Modeling this experimental setup using an intercept (~ treatment + treatment:time
) shows, when I create a model matrix, an intercept representing the mean of all samples (each row in column "intercept" in the model matrix contains "1"). Each coefficient will be based on this mean (difference to this mean). This is of course not what I want. Different groups will represent the baseline within a specific comparison/contrast.
So I created the design formula with ~ 0 + treament + treatment:time
. The design matrix is shown in my reprex code. If I want to look for the comparison of group 4 between time point 1 compared to time point 5, how does my contrast look like?
If I use the contrast "group4:time5" in the reprex, what is the comparison here?
Thanks for everybody's help. I appreciate it. Especially since this might not be a new question and maybe someone already wrote a similar question which was answered in the past.
PS. I am not worried about the subject information at this point. My plan is to use limma and provide subjects as a blocking factor, or use the dream function with subject as a random effect.
Thanks for your swift response!
I was assuming that I do make some mistakes in interpreting the model matrix. Your clarification helps!
Sorry for the group4:time5 mixup... that was my mistake and you are right, that does not exist in the model matrix.
But at the end this is (among other contrasts) what I want: A contrast with only group 4 samples between time point 1 and 5. Group 4 belongs to treatment b, but so is also group 2 (see the table created at the beginning of my example). But since group 2 has a different schedule (and my real data is even more complex), there is a case where I really just want group 4 time point 1 vs. 5. I do assume right now, this is not possible with the current matrix. But I am also not sure how to construct the model matrix differently. Including "group" as a fixed factor too?

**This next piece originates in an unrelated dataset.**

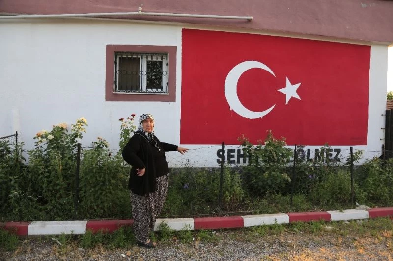 Osmaniye’nin Toprakkale ilçesi Sazlık Mahallesindeki evin duvarı 6 metrekare ebadında kırmızı beyaz renklerle Türk bayrağı şeklinde boyanan, altına da “Şehitler ölmez, vatan bölünmez” yazılan şehit Uzman Çavuş İbrahim Etiz’in baba ocağı, mahalleye gelen herkes tarafından hemen fark ediliyor.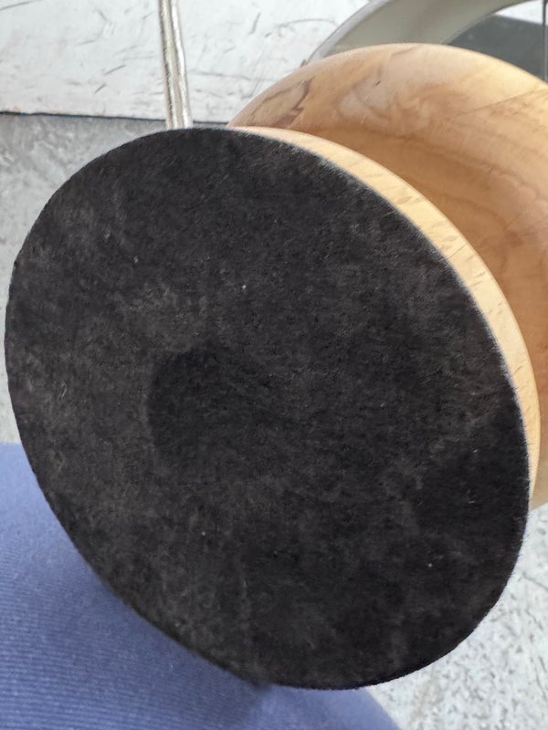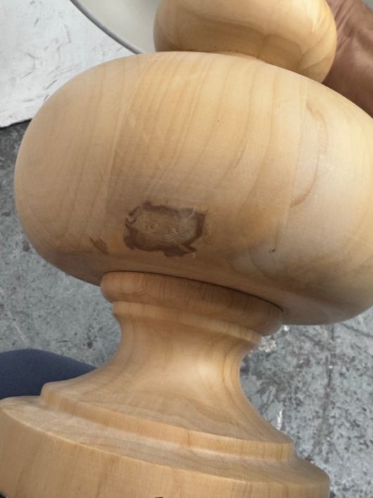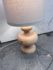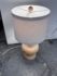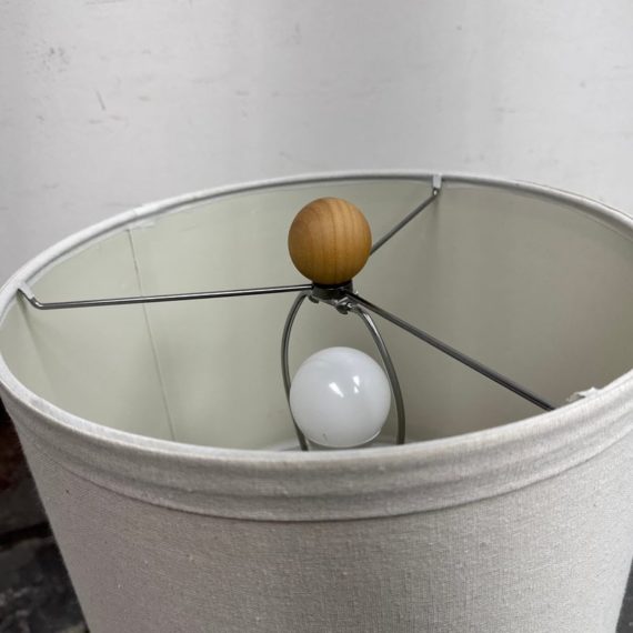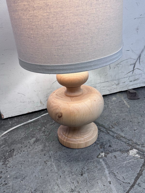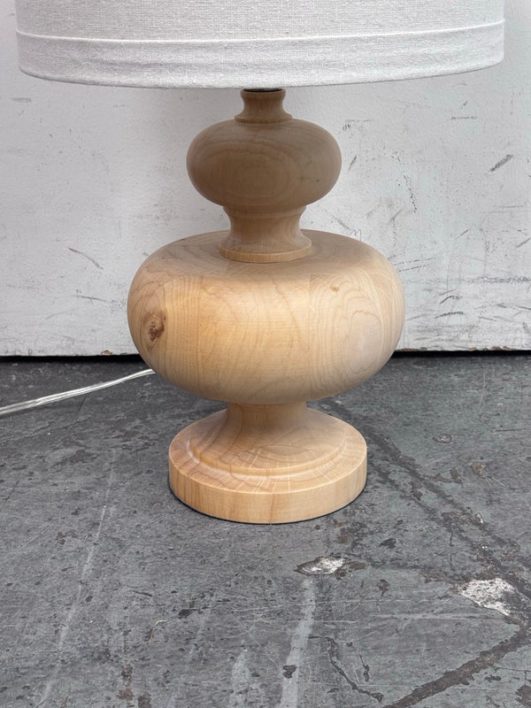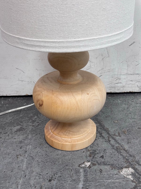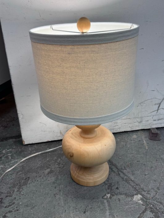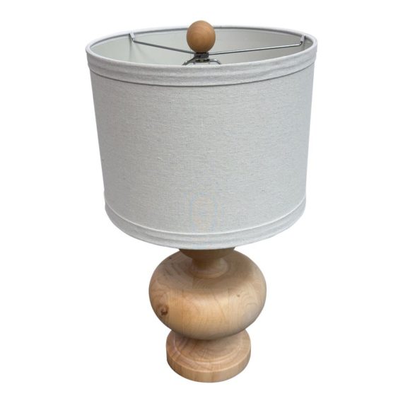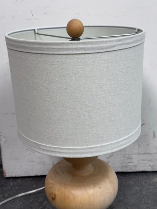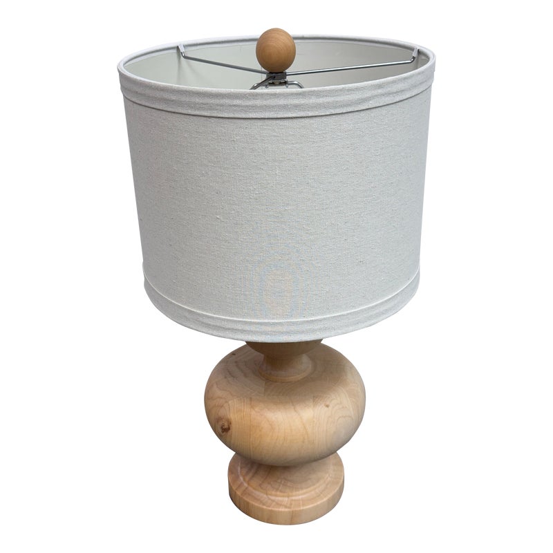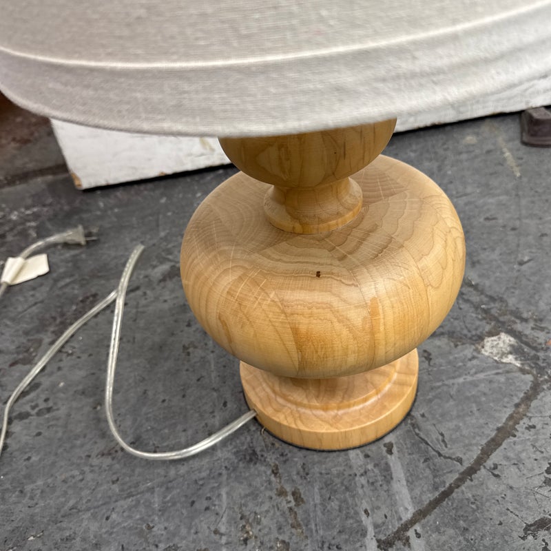 Design Plus Gallery presents a Nice, Neutral Table Lamp. The wooden table lamp has a turned craftsman style with a smooth, light oak wood finish. Matching top finial of light wood sphere to sturdy the linen drum shade. Is in good condition with minimal surface wear.

The usual advice in this situation is to forgo using the conventional R model building, and instead re-formulate your data so you can compute the mean of each group. So something like
will give you a vector of individual groups that you can use to generate the model matrix (for which you should use ~0 so you compute the mean of each group, and can make comparisons using contrasts), and you can then make any comparison you would like. However, you also need to account for the fact that you have pairing, so you need to reformulate the subjects so you can have a full rank design matrix. There is an example that may be applicable in section 3.5 of the edgeR User's Guide. If this seems mysterious to you, I recommend you find somebody local for whom it is not. It's pretty easy to botch the job if you don't really know what you are doing.
reprex is a convenient way to share code that is self sufficient aka reproducible. https://cran.r-project.org/web/packages/reprex/index.html Best.
Wow. It's come to that? The mind, it boggles.